By Rob Alway, Editor-in-Chief.


Jack O’Malley decided to run for state representative as a way to give back to his state and country. He is the son of a World War II veteran who passed away when O’Malley was young. “My parents were older when they had me, they were 44-years-old. My dad was proud of his military service but never really talked about it much. He died when I was a young boy. My mother was very proud of my dad’s service and she was very patriotic. I have always been involved with veterans organizations in honor of my dad but I never joined the military. In many ways I regret that and choosing to run for state representative is my way of giving back.”

O’Malley is seeking the Republican nomination for candidate in the 101st House of Representatives district, which covers Mason, Manistee, Benzie, and Leelanau counties.
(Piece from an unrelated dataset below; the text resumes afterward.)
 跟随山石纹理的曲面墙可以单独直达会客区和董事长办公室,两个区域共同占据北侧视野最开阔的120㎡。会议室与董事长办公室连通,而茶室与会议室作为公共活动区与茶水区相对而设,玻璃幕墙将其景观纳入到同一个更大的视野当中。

His name, voice, and face are well known around northwestern Michigan. For 34 years the Lake Ann (Benzie County) resident has worked as the morning show host on WTCM radio in Traverse City. He has also worked the last 20 years as the host of “Jack’s Journal” on WWTV (TV 9&10). O’Malley is also the operations manager of WTCM.

O’Malley describes himself as a conservative and said in a two-party system the republican party best suits him.
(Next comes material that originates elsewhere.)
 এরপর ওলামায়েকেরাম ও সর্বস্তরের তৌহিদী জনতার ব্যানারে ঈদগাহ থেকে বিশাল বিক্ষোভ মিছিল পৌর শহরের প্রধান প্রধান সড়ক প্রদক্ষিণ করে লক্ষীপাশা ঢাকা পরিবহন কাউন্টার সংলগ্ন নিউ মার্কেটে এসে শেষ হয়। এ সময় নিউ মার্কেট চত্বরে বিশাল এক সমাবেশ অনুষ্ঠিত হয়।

“I believe in God, country and apple pie,” he said.

“I am not one of those people who comes into this process with an agenda,” he said. “I want to go represent the people and do the best I can.”
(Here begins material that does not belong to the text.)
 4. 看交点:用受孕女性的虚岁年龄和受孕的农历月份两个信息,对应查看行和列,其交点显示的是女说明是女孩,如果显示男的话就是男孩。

O’Malley said he knows that there are many topics that are important to the citizens of the 101st district. But, he believes some of the top issues are job growth, school funding, and childcare. “I think in many ways, those three topics go hand in hand,” he said. “Childcare is an extremely important topic and something that is difficult to find in northwest Michigan. We need to provide quality, affordable childcare in order for people to work. We also need to have quality schools in order to train workers. These are things that I would focus on. I think that most people on either side of the aisle could agree that those are important topics.”

O’Malley said regulations are hindering people from providing quality childcare centers.

“The regulations are crazy. I know we have to have regulations and there was a time when it was certainly necessary to create them. But, we have reached a point where there is a hindrance on people who want to start up daycare centers. Employers tend to stay away from providing childcare and this restricts people from working.”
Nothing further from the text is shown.